I’m not ignorant. I’ve been digging up as much as I can find about them online. Their first child was at a sleepover fifteen miles away when she had an allergic reaction. Neither Jeremy nor Verity was there when it happened. And the second daughter drowned in the lake behind their home, but Jeremy didn’t arrive home until the search for her body was already in place. Both were ruled accidents. I can see why Corey is concerned, because I was, too, honestly. But the more I dig, the less I can find to be concerned about. Two tragic, unrelated accidents.

“And what about Verity’s car wreck?”

“It was an accident,” I say. “She hit a tree.”

Corey’s expression suggests he isn’t convinced. “I read there weren’t any skidmarks. Which means she either fell asleep or she did it on purpose.”
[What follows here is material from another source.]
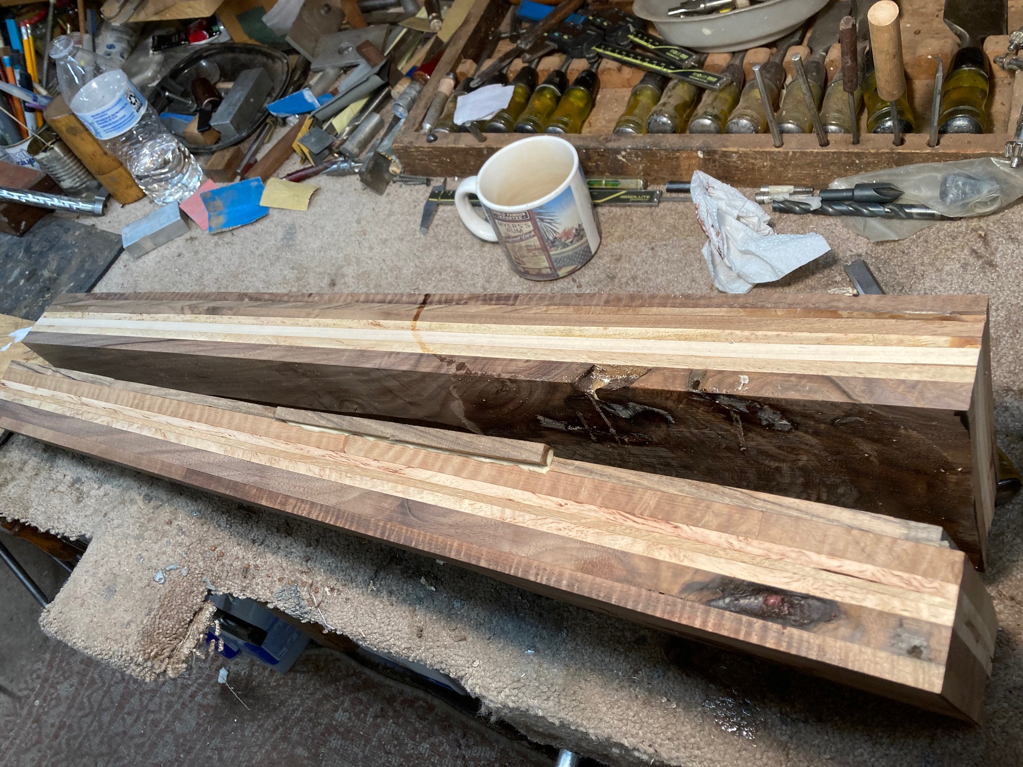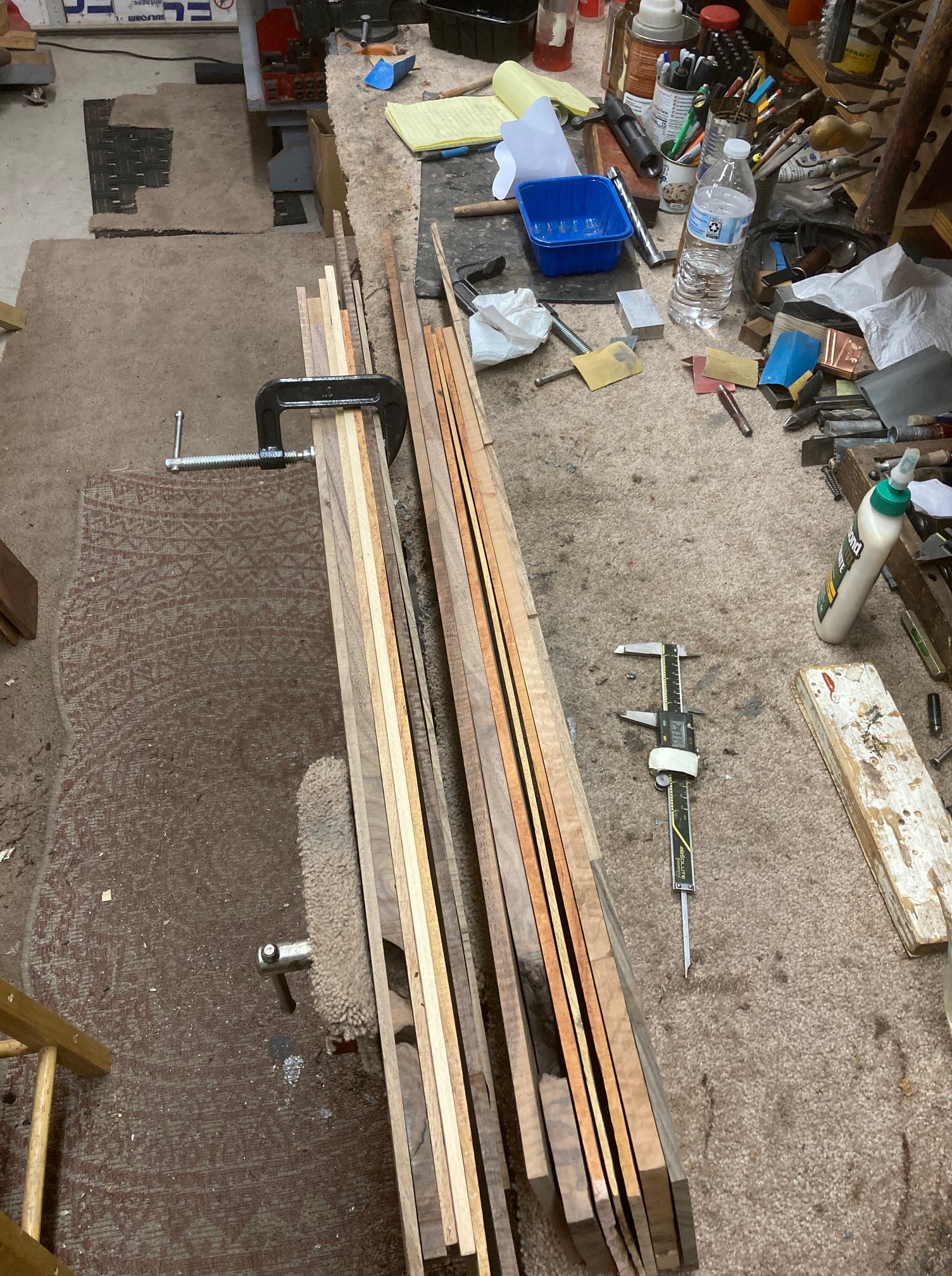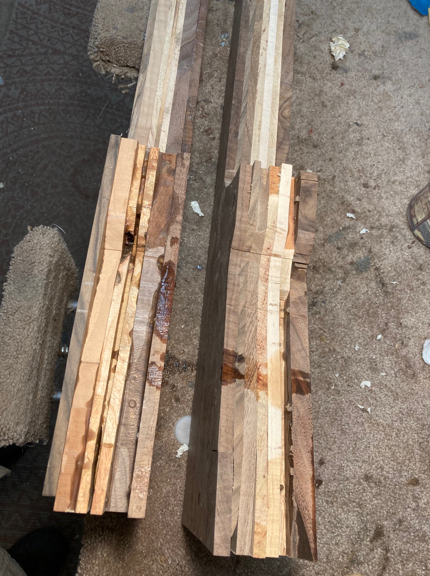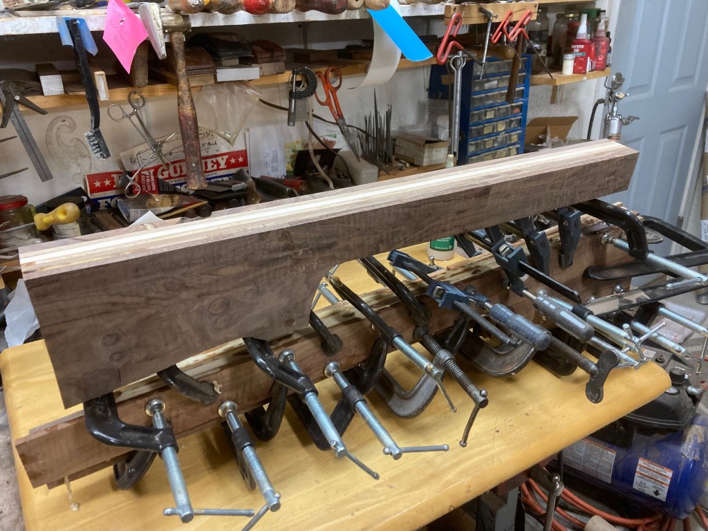 These are fancy flat pieces of wood from stocks I’ve done. It’s a mix of English Walnut, American Walnut, Koa, Mango, North American Walnut. The piece that I put water on was part of the USNRT Raffle Rifle.
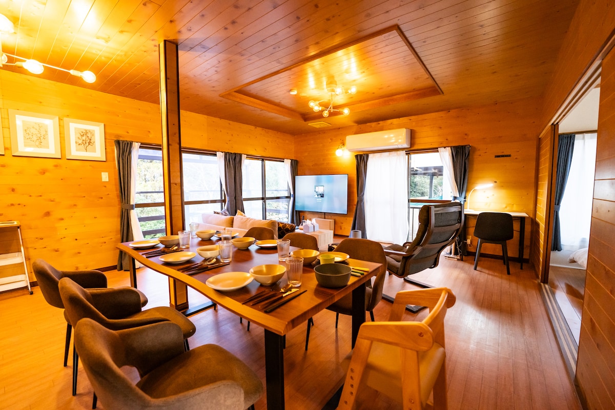 Parfait pour les familles et les groupes ! Séjournez près des sources chaudes célèbres et profitez de baignades relaxantes. Un parking gratuit est disponible. Un espace barbecue couvert (1 000 ¥ ) vous permet de griller même pour les journées pluvieuses. La maison entière est réservée à un seul groupe, assurant intimité et confort. Environs : Entouré par la nature avec des sanctuaires, des parcs, de la pêche, de l'observation des oiseaux et de la randonnée. La nuit, profitez d'un ciel étoilé. Totoro est à côté, un délice pour les enfants et les fans de Ghibli. Des promenades avec vue sur les montagnes de Kirishima sont également à proximité.

“Can you blame her?” I’m irritated that he’s making baseless claims. I turn around to finish the dishes. “She lost both of her daughters. Anyone who suffers through something like that would want to find a way out.”

Corey dries his hands on the dish towel and then grabs his jacket off the barstool. “Accidents or not, the family obviously has shit luck and a hell of a lot of emotional damage, so you need to be careful. Get in, get what you need, and leave.”

“How about you worry about the contractual details, Corey? I’ll worry about the research and writing part of it.”

He slips on his jacket. “Just looking out for you.”